By Phil Rice
The Irish rugby team entered 2017 as second favourites for the Six Nations following a successful autumn campaign which memorably included a first-ever victory over New Zealand, and a fine win over Australia.
Hopes were high but were quickly brought down to earth with defeat away to Scotland. It was a clear case of underestimating a rejuvenated Scottish side who have gone on to have a successful year since.
A resounding 10-63 win away to Italy was followed by a comfortable 19-9 victory over France in Dublin.
With the show back on the road and a realistic opportunity to win the Six Nations still in place, a poor defeat away to a very motivated Welsh side, dashed all hope of the championship.
To complete a topsy-turvy season Ireland then beat England, who were defending a 19-match winning streak, to deny Eddie Jones’ side the Grand Slam.
This was a rousing performance from the team, with some outstanding individual efforts, as they won 13-9 in Dublin.
Peter O’Mahony was drafted into the team for the game at the last moment when Jamie Heaslip failed a fitness test and after a man of the match performance the next international match he played was as captain of the Lions against the All Blacks. Some turnaround to his season.
On the back of the win against the ‘Ould Enemy” 11 Irish players were included in the Lions squad, seven of them were involved in the drawn Test series.
Tadhg Furlong, Sean O’Brien, Conor Murray and Johnny Sexton, in particular, enhanced their reputations during the series, with all four proving to be world class performers.
A successful summer tour to USA and Japan for the Irish team, gave Joe Schmidt an opportunity to evaluate the candidates for the next generation of international players.
Some stood out notably. Jacob Stockdale, who has gone on to enhance his reputation this autumn, second-row James Ryan, who certainly looks the part in a position which Ireland are in need of fresh faces, and Dan Leavy, who has struggled with injury since the summer.
The recently completed Autumn International Series was a 100 per cent success, including a notable record 38-3 victory over South Africa.

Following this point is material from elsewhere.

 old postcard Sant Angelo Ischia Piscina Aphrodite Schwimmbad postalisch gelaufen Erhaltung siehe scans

In recent years Ireland have promised much in the autumn, but then haven’t really lived up to expectations in the following Six Nations campaign.
The 2018 championship will begin with an away fixture in Paris. A winning start could propel them to a successful campaign with the concluding match away to a revenge-seeking England, on St. Patrick’s Day, quite likely to be decisive in deciding the destiny of the trophy.

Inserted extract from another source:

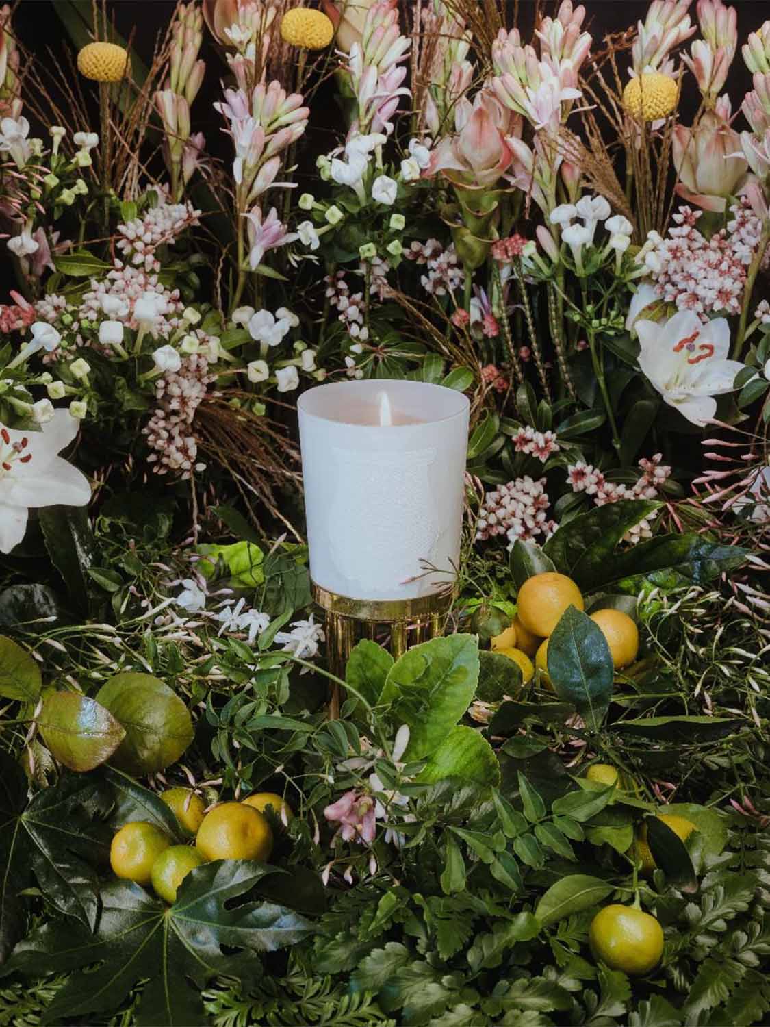 Το Positano Candle είναι το αποτέλεσμα της συνεργασίας της Cire Trudon με τον διακεκριμένο στον χώρο της Haute Couture σχεδιαστή μόδας Giambattista Valli. Πηγή έμπνευσης του Giambattista αποτέλεσε η αγάπη του για το μικρό, ανθισμένο χωριό της Ιταλίας, Positano. Το απολαυστικό αρωματικό προφίλ του κεριού ξεκινά με νότες από περγαμόντο, γαρδένια και μαροκινό νερολί, συνεχίζει με άνθη πορτοκαλιάς, γιασεμί και μανόλια για να καταλήξει στο βάλσαμο Περού, στον κρίνο και στο tuberose. Το εκτυφλωτικά λευκό γυάλινο δοχείο του στολίζεται με ένα κατάλευκο έμβλημα, εμπνευσμένο από ένα ανάγλυφο που βρέθηκε στο παλιό Βασιλικό Κηροποιείο στην Antony, κοντά στο Παρίσι, που ανήκε στην οικογένεια Trudon.

The provinces have generally had a successful year with Munster and Leinster achieving the most, but in European and Pro12 competition both narrowly lost out in the concluding stages.
Both teams reached the semi-finals of the European Champions Cup but were defeated by eventual winners Saracens in the case of Munster and a narrow defeat to Clermont in Leinster’s case.
The Irish sides have fared well in the current season’s competition with Leinster topping a very strong group and Munster leading the way in their group also. Ulster have a fighting chance of making the knock out stages with successive victories over Harlequins in the last two weeks.
Connacht are riding high in the Challenge Cup with four victories and can realistically be considered among the favourites for that competition.
In last season’s Pro12 Munster reached the final but were surprisingly beaten by team of the year, Scarlets, for whom ex-Leinster second-row Tadhg Beirne played a starring role. Scarlets had already dumped a disappointing Leinster out of the competition in the semi-final.
Connacht were always going to struggle to repeat the heroics of the previous season, when they remarkably won the league, but they finished in a creditable mid-table position.
Ulster promised much but were unlucky to miss the play-offs by one point. They led the league after two months but struggled to replace players with sufficient quality when injuries and international calls depleted the squad.
The league has been revamped this season and the new ‘Pro14’ with two South African sides added, has so far gone well for the Irish teams.
Munster and Leinster are both lying second in their conferences, while Ulster are third behind Leinster in conference B.
Connacht are fifth in conference A and will need an exceptional second half to the season if they are to qualify for the play-offs.
There is a confidence in the air in Irish rugby circles at present with a feeling that a successful Six Nations competition may be around the corner.
Optimism is tempered by last season’s experience but it would be no surprise if Ireland went to Twickenham in March with a realistic chance of winning the Six Nations Championship.